[[ INFORMATION PROVIDED open ]]
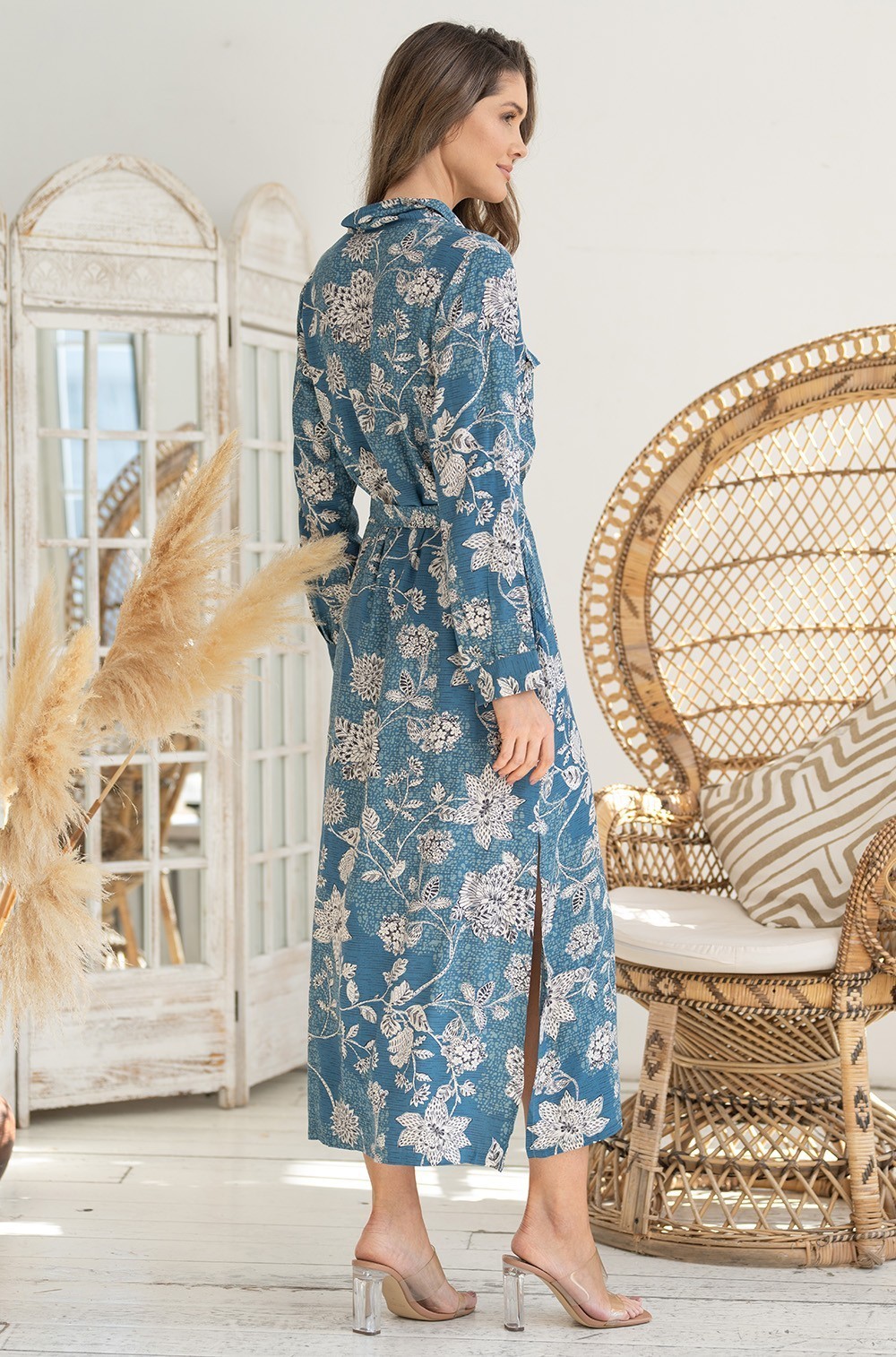 Длинная рубашка-платье Mia-Amore прямого силуэта из натуральной вискозы. Платье длиной до щиколотки, спереди застегивается на пуговицы, на груди два накладных кармана с клапанами. Воротник отложной со стойкой. Длинные рукава подворачиваются и фиксируются хлястиком. В боковых швах карманы, внизу высокие разрезы. В комплект идет пояс, чтобы еще больше подчеркнуть женственный силуэт.
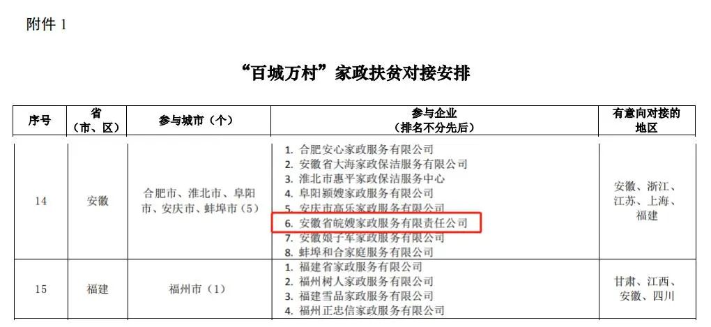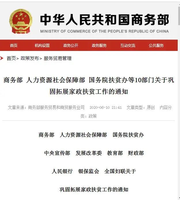 6月10日,國家商務部發布了《商務部人力資源社會保障部國務院扶貧辦等10部門關于鞏固拓展家政扶貧工作的通知》,并作出了“百城萬村”家政扶貧對接安排。
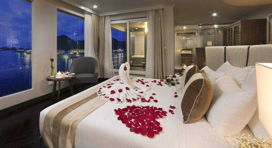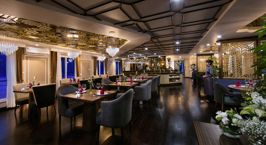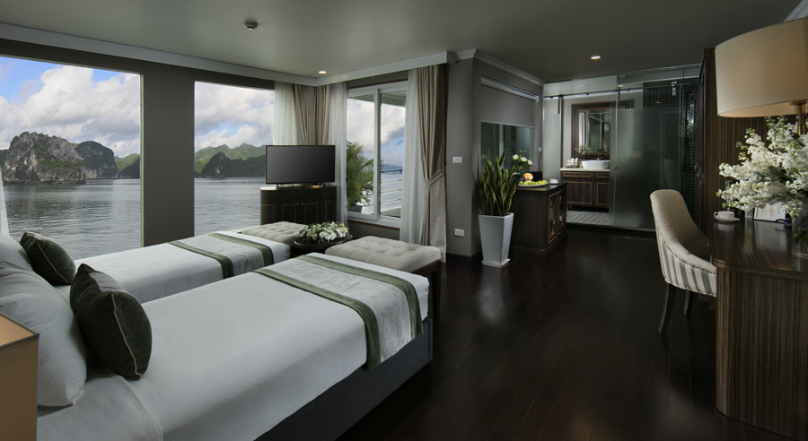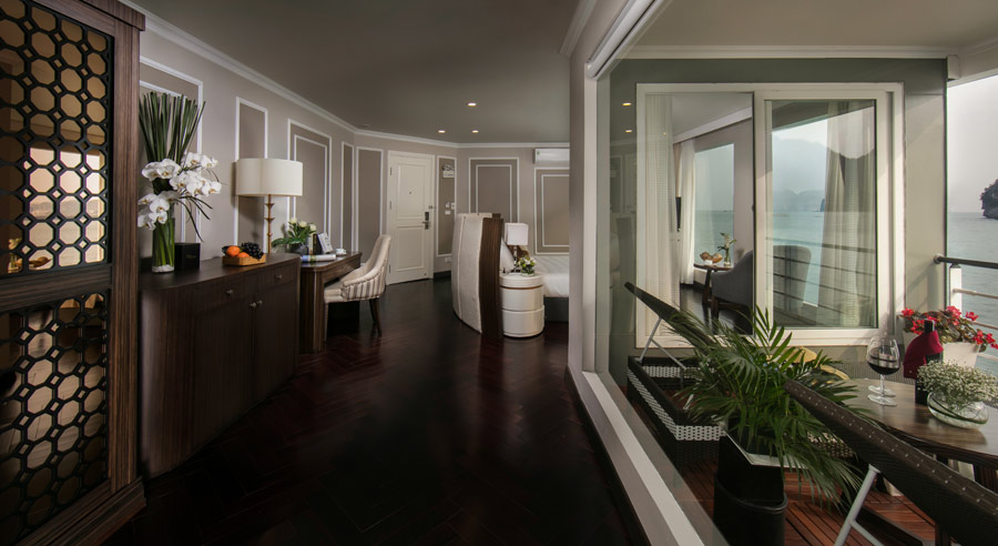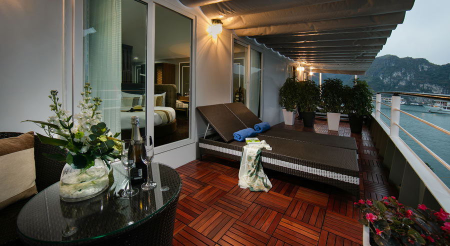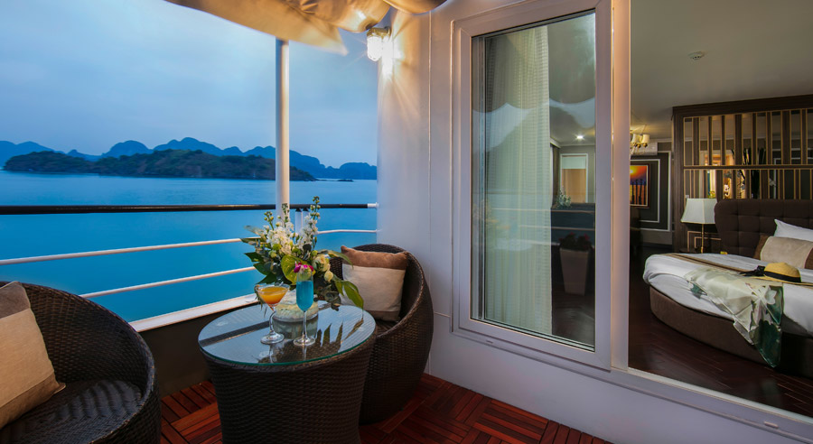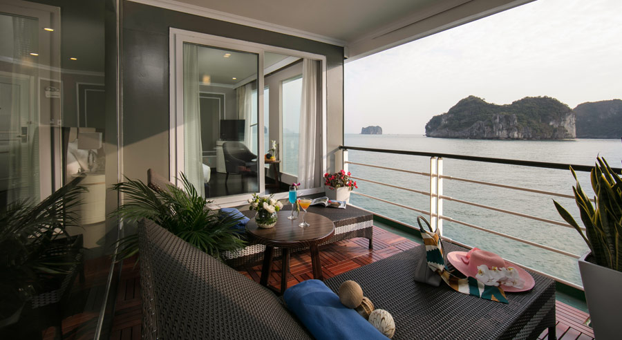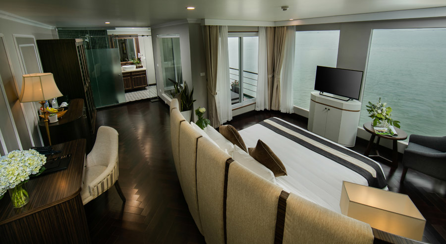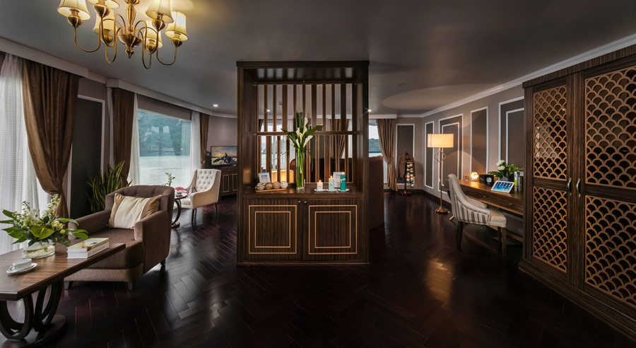 All cabins are elegantly decorated and come with a private sun terrace, generous living space, and premium amenities. Notably, the Era Suite, measuring 74 sqm, is one of the largest suites available among Halong Bay cruises, offering exceptional comfort and panoramic views.
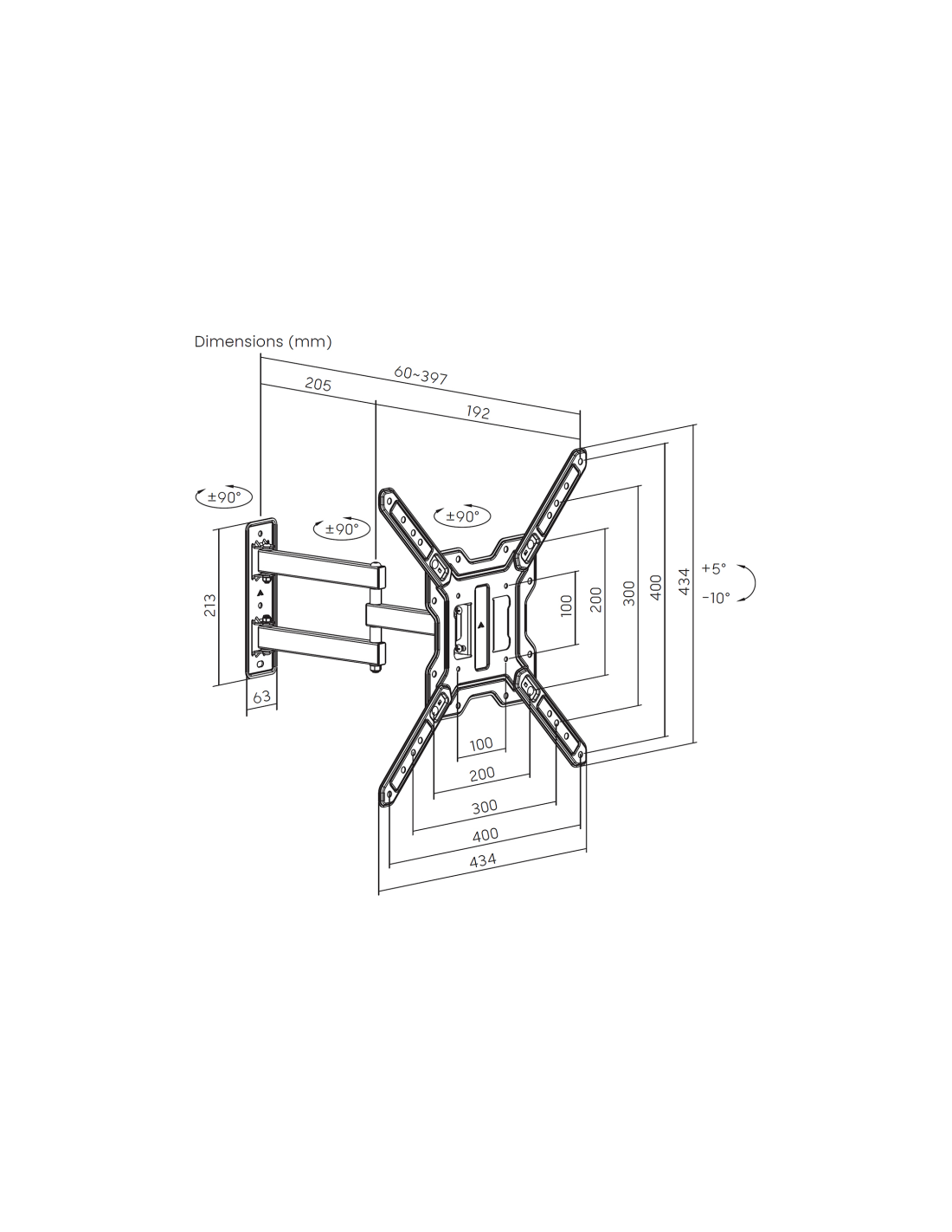 > VESA Máximo: 400x400mm (Compatible con VESA de 1100×100, 100×200, 200×100, 200×200, 200×300, 300×200, 200×400, 400×200, 300×300, 400×300, 400x400mm)
[[ INFORMATION PROVIDED closed ]]
__TASK STATEMENT__: Every line of the listing should be copied precisely, with images omitted.

__RESULT FOR THIS EXERCISE__:
 Длинная рубашка-платье Mia-Amore прямого силуэта из натуральной вискозы. Платье длиной до щиколотки, спереди застегивается на пуговицы, на груди два накладных кармана с клапанами. Воротник отложной со стойкой. Длинные рукава подворачиваются и фиксируются хлястиком. В боковых швах карманы, внизу высокие разрезы. В комплект идет пояс, чтобы еще больше подчеркнуть женственный силуэт.
 6月10日,國家商務部發布了《商務部人力資源社會保障部國務院扶貧辦等10部門關于鞏固拓展家政扶貧工作的通知》,并作出了“百城萬村”家政扶貧對接安排。
 All cabins are elegantly decorated and come with a private sun terrace, generous living space, and premium amenities. Notably, the Era Suite, measuring 74 sqm, is one of the largest suites available among Halong Bay cruises, offering exceptional comfort and panoramic views.
 > VESA Máximo: 400x400mm (Compatible con VESA de 1100×100, 100×200, 200×100, 200×200, 200×300, 300×200, 200×400, 400×200, 300×300, 400×300, 400x400mm)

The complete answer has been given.